At the hand specialists office, I had to sign a form exonerating my insurance company from paying for the visit and collateral services if it could be determined that any other entity was responsible for the costs. This is for L&I, of course. At first I declined to fill out the form citing uncertainty as to the cause. I said I didn't want to sign anything legally binding when I was unsure. I was told that I could not see the doctor unless I signed the form, so I signed the form. I put "I don't know" for every question.

Bastards. I'm not the customer; I am the means. I despise it.

The MRI came back sparkling and meaty. I loved seeing the anatomy, my perfect white bones and ultrawhite veins. The good news: no fractures or cysts. The bad news: no obvious culprit to explain the pain.
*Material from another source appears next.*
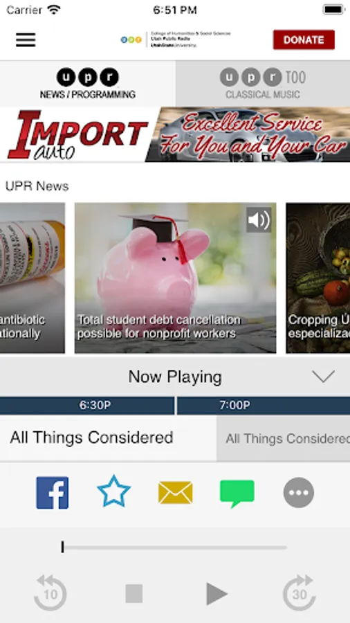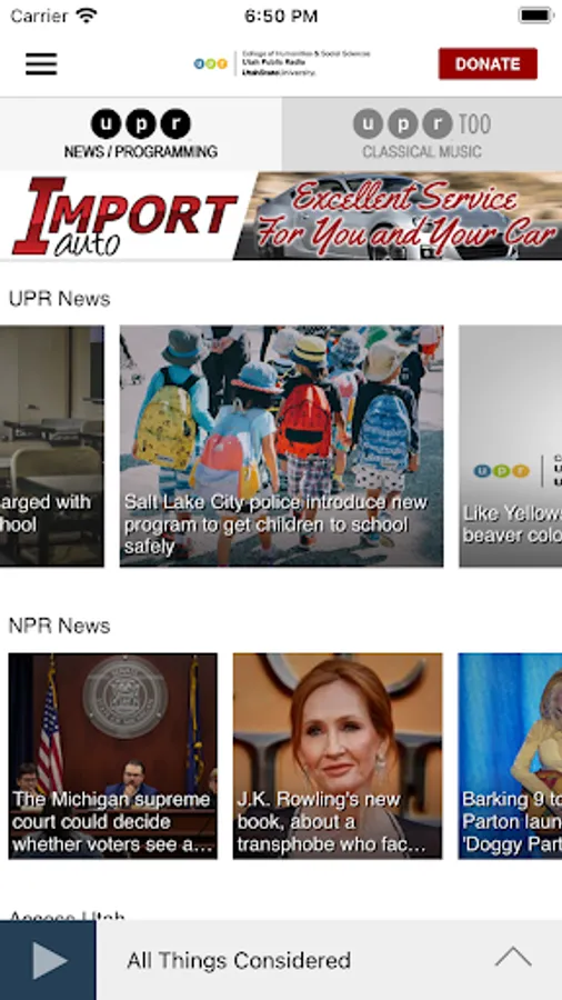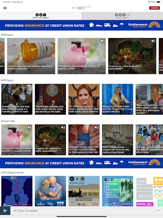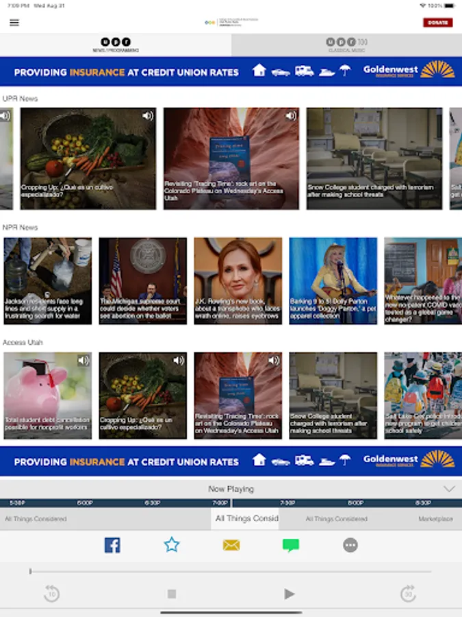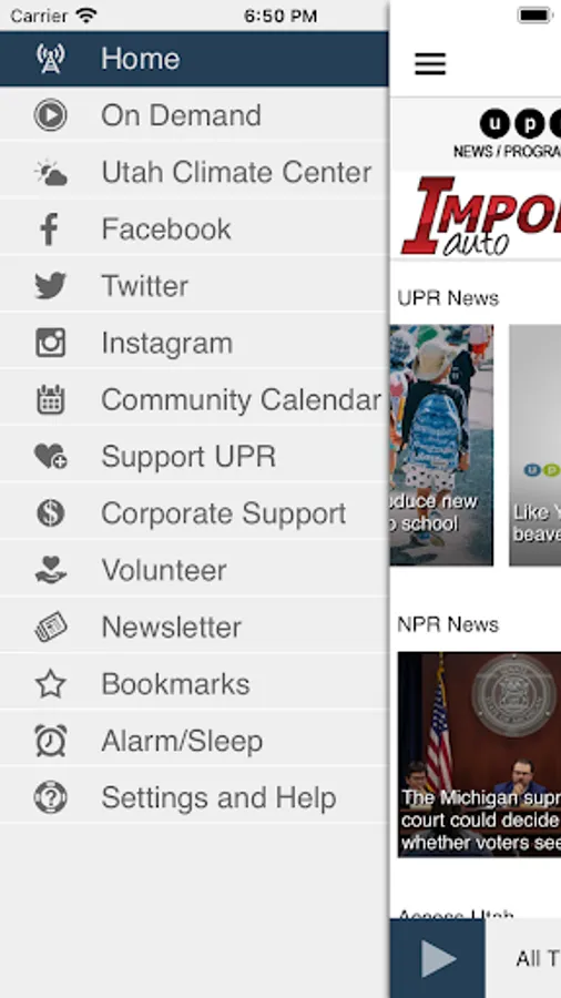The UPR App allows you to listen to Utah Public Radio, pause and rewind the live audio, and view the program schedule for UPR all at once! You can explore On Demand content, search for programs, bookmark a program for later, and wake up to UPR with the alarm clock!

The prescription: Wait four weeks and call if it still hurts.

He said, "You know, it could be that the ulnar nerve is just a little irritated. It might recover on its own. Nerves aren’t like other tissues—they don't heal as quickly. It could take weeks for it to heal."
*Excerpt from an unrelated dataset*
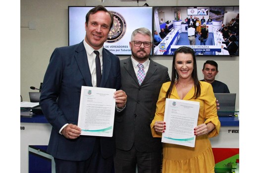 Na mesma sessão, Rafael Horn e a atual presidente da OAB-SC, Cláudia Prudêncio, foram homenageados pela Câmara Municipal de Tubarão em reconhecimento pelos relevantes serviços prestados à advocacia catarinense.

This is what I learned on the Web before I visited my GP the first time, information that I shared with her. I know that the diagnostic tests were needed to close the door on more serious issues, but the time and cost wasted just to return to the beginning is a profound disappointment. I'm dreading the bill.
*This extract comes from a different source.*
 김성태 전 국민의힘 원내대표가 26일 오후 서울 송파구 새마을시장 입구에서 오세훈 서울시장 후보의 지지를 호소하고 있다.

In the meantime, no pressure on the palm—no riding, no downward dog, etc.

When did doctors cease to be consultants and become simply data points in solo health management? I hate that along with all the other stuff I need to know, I must also be a medical case manager. While it makes sense that I would be the only one qualified to provide the context of my experience, it makes no sense to me that doctors are unwilling to listen to the whole story. At the other extreme, holistic practitioners are clueless about specifics. I mean that my GP and hand specialist will not look any further than the exact spot in my palm where the pain is acute. Nevermind that I keep telling them that I've had pain in my back, shoulder, elbow, and sometimes my forearm. The hand specialist, when I told him about the arm stuff the second time, said, "That's not ringing a bell." Fine. He can help me with the hand. I'll figure out something else for the rest of it. But what if instead of ignoring it completely one of my doctors took me seriously and helped me decide who to see that might be able to investigate what I think is true?

Recently I had a sports massage. The therapist was all over the holistic idea. "Of course all this is connected." He said that we tend to carry our stress on the left side. He buried his hands in my back where it hurts the worst, this single spot which aches when I move my left arm—the arm connected to the palm where the nerve pain is. But when I asked him what he meant when he said my palm felt "gravelly" he said he didn't know what caused that.

Somewhere in between these extreme points of view is an answer. I know that there's some kind of larger problem. All the structural problems reside in the left side: knee and hip pain, and now the back, shoulder, elbow and palm. What a hassle to have to research a path through various providers to find something that will address the cause and not the symptoms. I hate that it's going to be a pricey trial and error.